Why Existing Multimodal Crowd Counting Datasets Can Lead to Unfulfilled Expectations in Real-World Applications

More information leads to better decisions and predictions, right? Confirming this hypothesis, several studies concluded that the simultaneous use of optical and thermal images leads to better predictions in crowd counting. However, the way multimodal models extract enriched features from both modalities is not yet fully understood. Since the use of multimodal data usually increases the complexity, inference time, and memory requirements of the models, it is relevant to examine the differences and advantages of multimodal compared to monomodal models. In this work, all available multimodal datasets for crowd counting are used to investigate the differences between monomodal and multimodal models. To do so, we designed a monomodal architecture that considers the current state of research on monomodal crowd counting. In addition, several multimodal architectures have been developed using different multimodal learning strategies. The key components of the monomodal architecture are also used in the multimodal architectures to be able to answer whether multimodal models perform better in crowd counting in general. Surprisingly, no general answer to this question can be derived from the existing datasets. We found that the existing datasets hold a bias toward thermal images. This was determined by analyzing the relationship between the brightness of optical images and crowd count as well as examining the annotations made for each dataset. Since answering this question is important for future real-world applications of crowd counting, this paper establishes criteria for a potential dataset suitable for answering whether multimodal models perform better in crowd counting in general.
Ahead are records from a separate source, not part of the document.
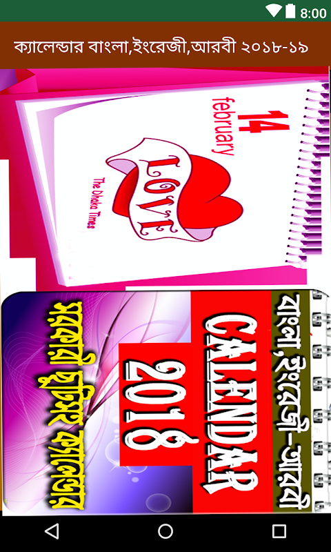 এই ইংরেজি ২০১৮ সালের ক্যালেন্ডার Application এর ভিতরে রয়েছে বাংলা ও আরবি বছর। সাথে বাংলাদেশের সরকারি ছুটির দিনগুলিও এতে দেয়া হয়েছে। আলাদা আলাদা করে বাংলা ক্যালেন্ডার app এবং আরবি ক্যালেন্ডার app আপনার মোবাইলে রাখতে হবেনা।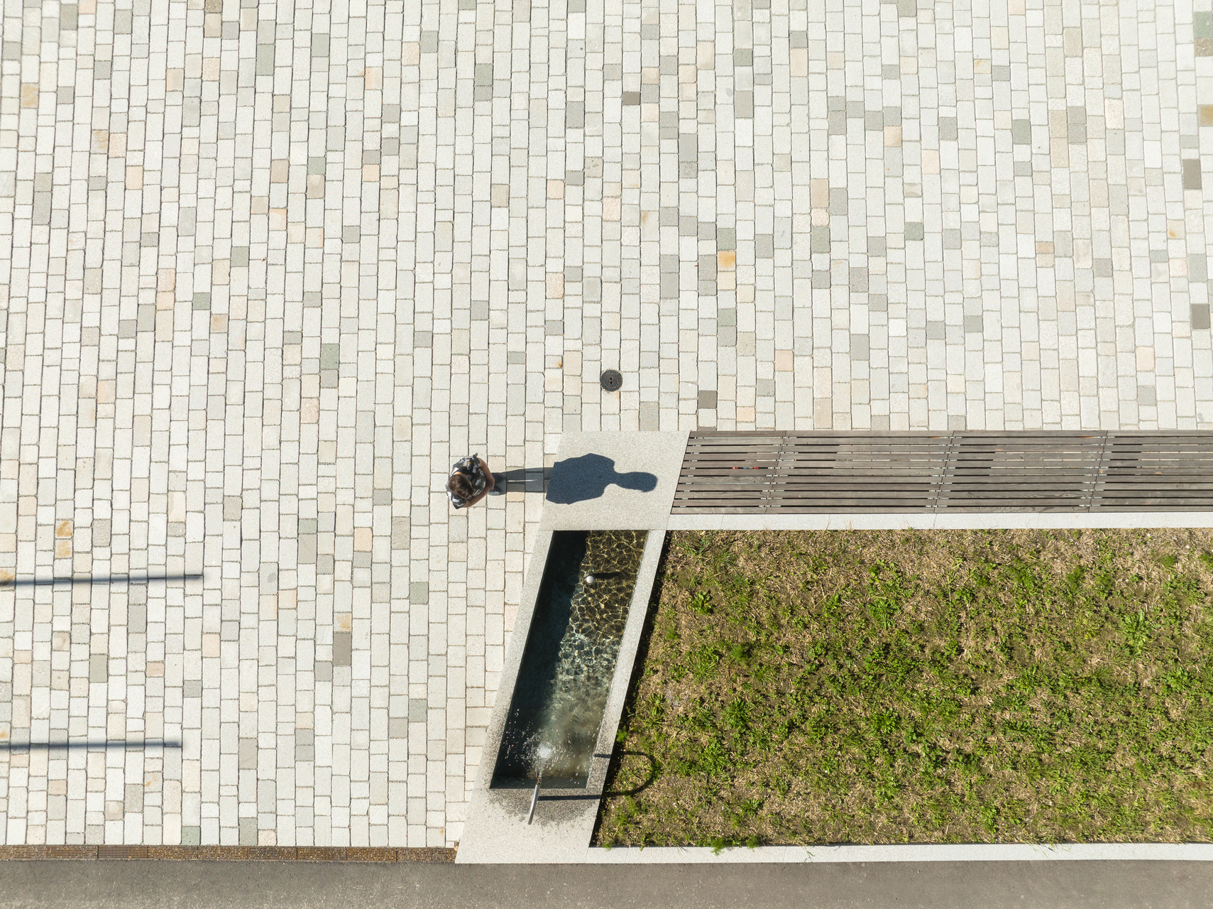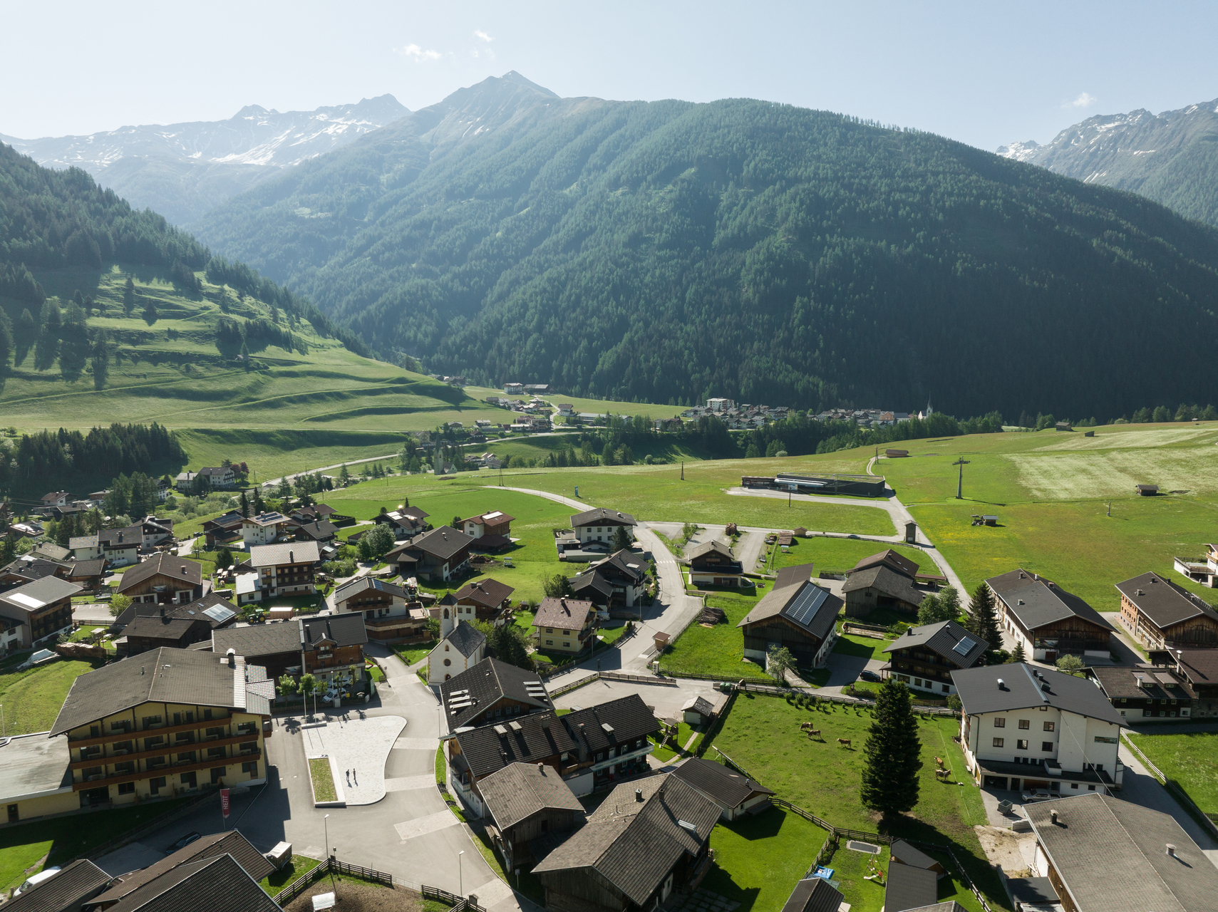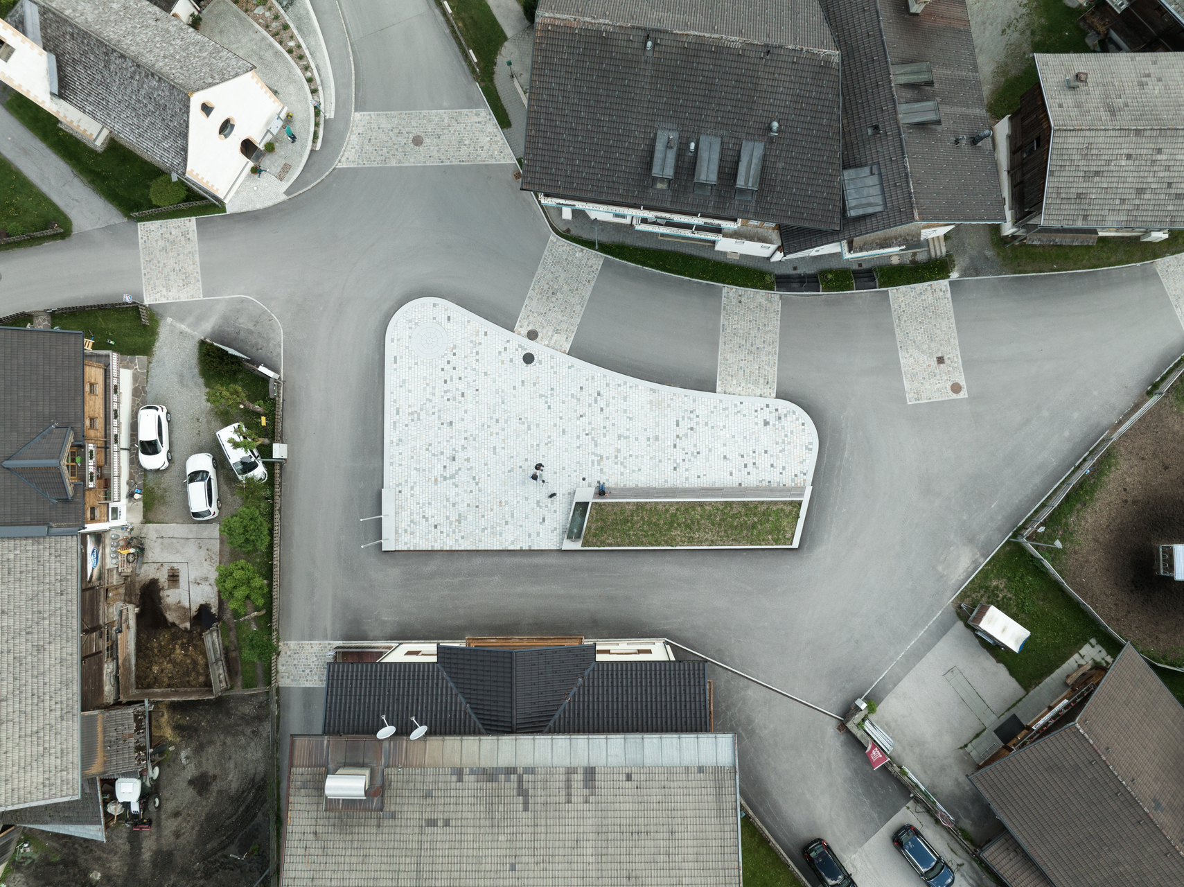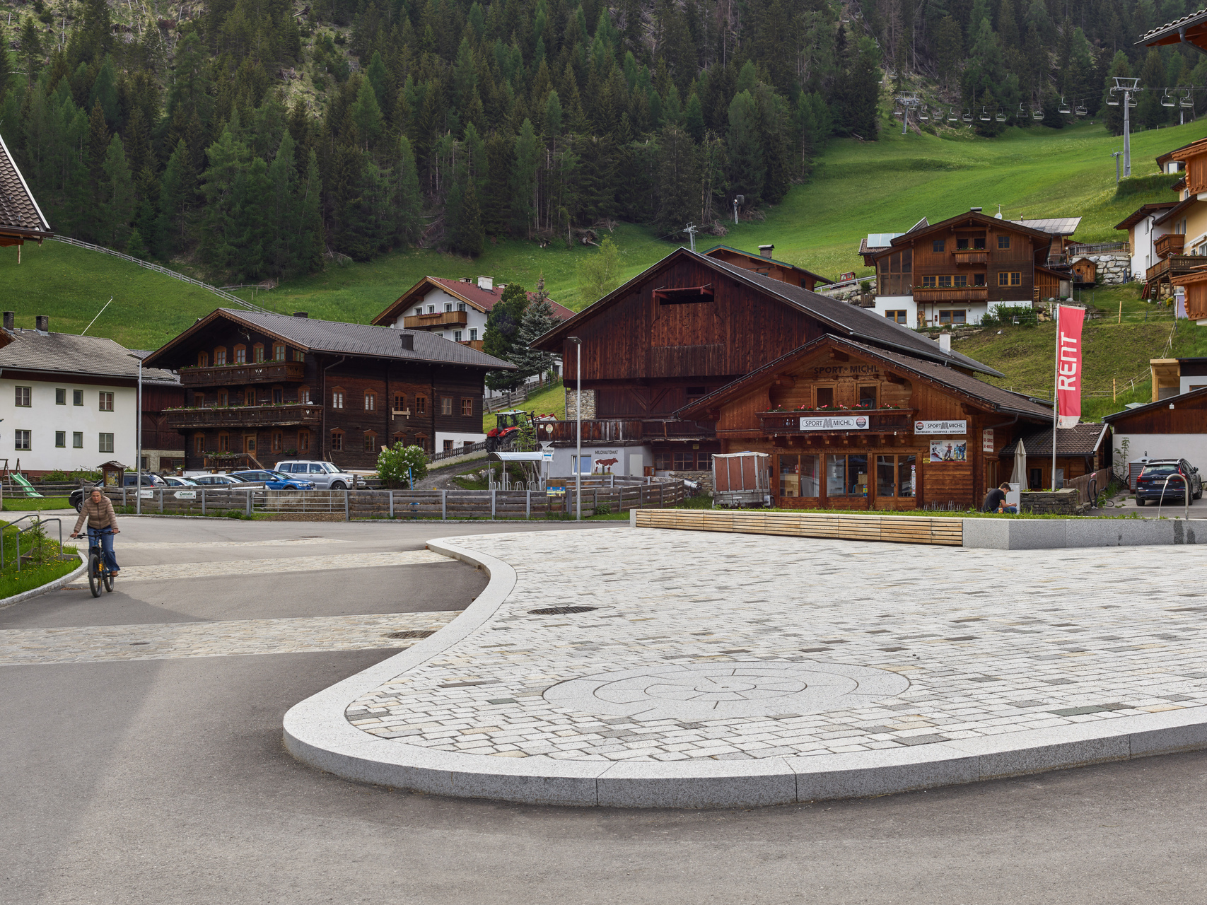 Ein wesentlicher Aspekt bestand darin, die Ortsmitte sicherer für Fußgänger und Radfahrer zu machen. Dazu wurden die Verkehrsflächen mittels einer Granitsteinkante abgegrenzt und auf der Fahrbahn Pflasterflächen markiert. Der dazwischen liegende Dorfplatz, der Raum für kleiner Feste bieten soll, zeichnet in seiner Form die Straßenverläufe nach. Teil des Platzes ist eine „Ackerfläche“, die Bezug auf die bäuerliche Tradition der Gemeinde nimmt. Denn obwohl sich das Ortsbild mit der Entwicklung des Tourismus ab den 1960er-Jahren wesentlich verändert hat, so überwiegt im Ortskern nach wie vor die historische, landwirtschaftlich geprägte Bausubstanz. Das von einem Trinkwasserbrunnen und Sitzmöglichkeiten eingefasste Beet wird jedes Jahr mit anderen Kulturpflanzen wie Gerste, Roggen, Mohn oder seltenen Feldfrüchten aus der Nationalparkregion Hohe Tauern bepflanzt werden und macht so den Lauf der Jahreszeiten und Fruchtfolgen erlebbar. (Text: Claudia Wedekind, nach einem Text der Architekten)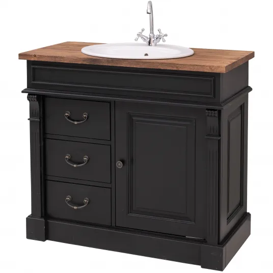 Dulap baie ornamentat pentru lavoar cu 3 sertare si 1 usa, vopsit, culoare negru, top maro, 100% lemn masiv, 103x51x91 cm

翻译：信息越多决策与预测越准确，对吗？为验证这一假设，多项研究指出同时使用光学与热成像图像可提升人群计数预测精度。然而，跨模态模型从双模态中提取增强特征的内在机理尚未完全明晰。由于跨模态数据通常会增加模型复杂度、推理时间与内存需求，亟需系统探究跨模态相较于单模态模型的差异与优势。本研究利用现有全部跨模态人群计数数据集，系统对比单模态与跨模态模型性能。为此，我们基于单模态人群计数研究前沿设计了单模态架构，并采用多种跨模态学习策略开发了多类跨模态架构。为确保可比性，跨模态架构的核心组件与单模态架构保持一致，旨在回答"跨模态模型是否普遍优于单模态人群计数模型"这一关键问题。出乎意料的是，现有数据集无法为此问题提供统一定论。研究发现现有数据集存在对热成像图像的偏置，这一结论通过分析光学图像亮度与人群数量的相关性及检验各数据集标注特征得出。鉴于该问题对人群计数未来实际应用具有重要指导意义，本文建立了适用于验证"跨模态模型是否普遍更优"的潜在数据集评价标准。